Given material
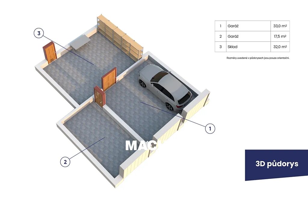 kombinace parkování až 3 osobních vozidel se skladovým zázemím.
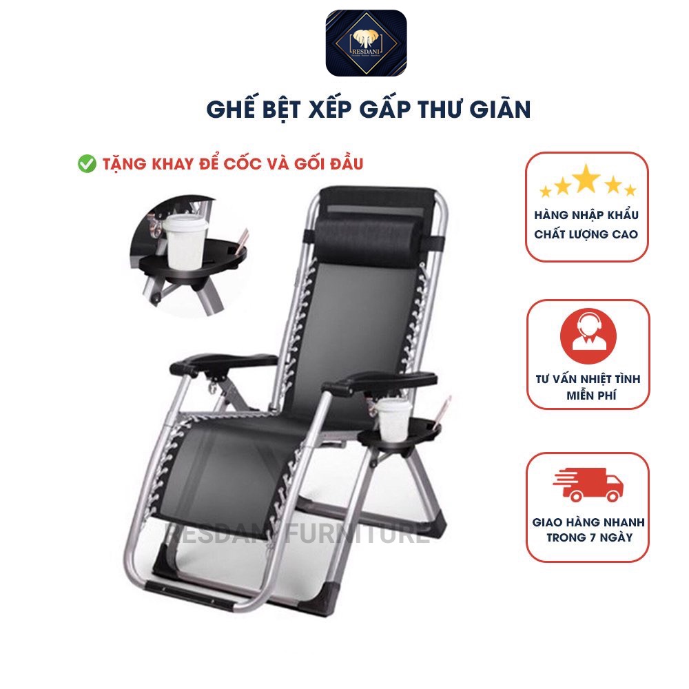 Ghế Xếp Ngủ Trưa Thư Giãn Đa Năng Resdani A169 –Tặng Khay Để Cốc Và Gối Đầu(Có Video Sản Phẩm)
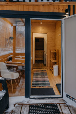 В зоне отдыха — стол на 4 гостя, радио, на веранде - 2 кресла. В бане имеется душ, раковина, ведро для обливания ледяной водой. В парной — панно из можжевельника, аромамасла, ковши для подачи жара, песочные часы и термометр, вешалки, подголовник.
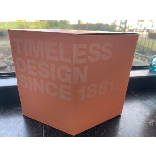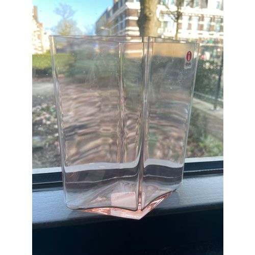Iittala Ruutu vase, 115 x 140 mm, salmon. New in original box. Never used and therefore in perfect condition. The French brothers Ronan and Erwan Bouroullec designed the Ruutu vases for Iittala. Each Ruutu piece is unique: they are mouth-blown into a steel mold and then polished by hand. The difficult shape of the vase requires 24 hours of production and seven skillfull professionals.

Your objective
Would you please output the listing above exactly, leaving out the pictures?

Result
 kombinace parkování až 3 osobních vozidel se skladovým zázemím.
 Ghế Xếp Ngủ Trưa Thư Giãn Đa Năng Resdani A169 –Tặng Khay Để Cốc Và Gối Đầu(Có Video Sản Phẩm)
 В зоне отдыха — стол на 4 гостя, радио, на веранде - 2 кресла. В бане имеется душ, раковина, ведро для обливания ледяной водой. В парной — панно из можжевельника, аромамасла, ковши для подачи жара, песочные часы и термометр, вешалки, подголовник.
Iittala Ruutu vase, 115 x 140 mm, salmon. New in original box. Never used and therefore in perfect condition. The French brothers Ronan and Erwan Bouroullec designed the Ruutu vases for Iittala. Each Ruutu piece is unique: they are mouth-blown into a steel mold and then polished by hand. The difficult shape of the vase requires 24 hours of production and seven skillfull professionals.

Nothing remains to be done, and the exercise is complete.